Steps in statistical analysis:

Produce Data (from a population)
Exploratory Data Analysis
Probability
Inference

First we select a population to study – the entire group that is the target of our interest. Populations are often too large to study in whole and so we choose a sample and collect data from it (produce data). We need to ensure we have a representative sample. We perform exploratory data analysis (EDA) on the sample in order to draw conclusions about the population. We also need to examine (and factor into our analysis) how the sample might differ from the population; to do so we use probability. Probability is the “machinery” that allows us to draw conclusions about the population based on the data collected about the sample. At the end, we draw conclusions about our population (inference).

Exploratory Data Analysis (EDA)

Data are pieces of information about individual samples organized into variables; variables are particular characteristics. A dataset is a set of data identified with particular circumstances. A categorical variable (aka “qualitative”) puts individuals into categories. A quantitative variable is a numerical measurement that can be averaged.

Scales of measurement

We can be more precise about scales of measurement than just categorical vs quantitative. Each successive level below has all the characteristics of the preceding levels.

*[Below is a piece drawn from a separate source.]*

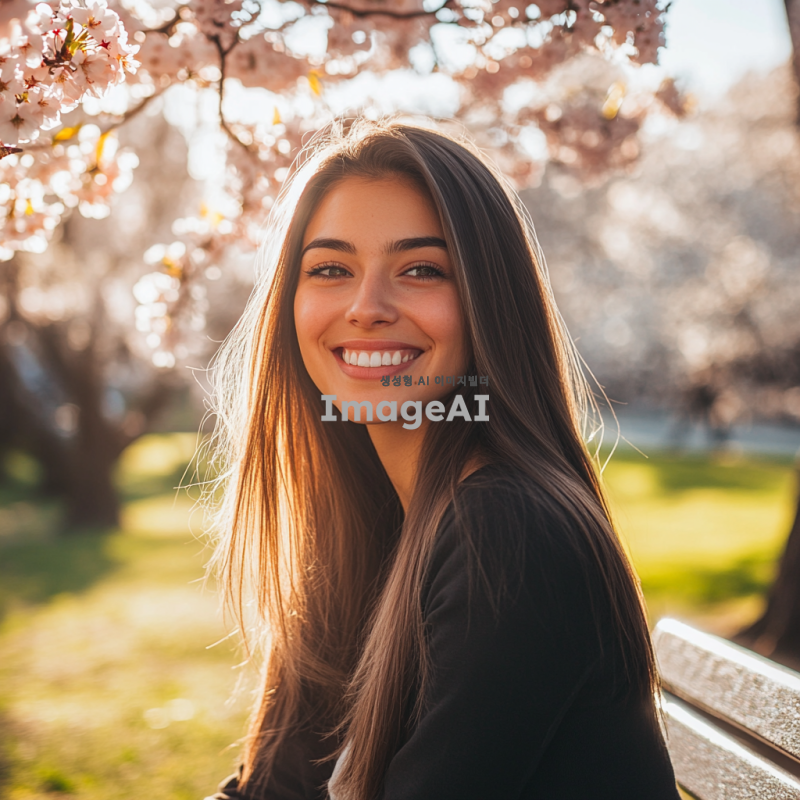 20대 한국인 여성, 긴 생머리, 밝은 미소, 화사한 봄날의 공원에서 벤치에 앉아 있는 모습, 주변에는 벚꽃이 만개해 있으며, 따뜻한 햇살이 그녀의 얼굴을 부드럽게 비추고 있는 장면, 캐주얼한 옷차림, 자연스러운 포즈, 생동감 있는 색감.

Nominal is the least precise level of measurement; it indicates only differences, e.g. types of pets
Ordinal shows order but not magnitude of difference between two data points, e.g. order of finish in a race, or somewhat likely/likely/extremely likely
Interval - distance between pairs of consecutive values is equal, but the data contains no meaningful zero point, e.g. SAT scores (there’s no notion of zero intelligence), temperature (this is confusing to me because there is an absolute zero but specifically they draw the distinction that zero in F or C has arbitrary meaning)
Ratio - there is a meaningful zero point, i.e. the zero value indicates the absence of this variable in the sample

We can decrease the scale of measurement, but not increase it (e.g. age => age group but not vice-versa).

Examining distributions

In order to understand a dataset we need to summarize the data contained in each variable. This summary is called the distribution. The distribution of a variable answers two basic questions:

What values does the variable take?
How often does the variable take those values?

Categorical data

There are two simple graphical displays for visualizing the distribution of categorical data: bar and pie charts.

Quantitative data

To display data from one quantitative variable graphically, we can use either the histogram or the stemplot. Histograms organize data points into bins that are graphed as a bar chart. Interestingly histograms sort of “invert” the axes from

x: student
y: number of hours studied for exam

x: number of hours
y: number of students studying a given number of hours

Interpreting the histogram

We examine four things in a histogram:

Shape
Center
Spread
Outliers

The first three provide insight into the overall pattern of the data, while the last one shows deviations from the pattern.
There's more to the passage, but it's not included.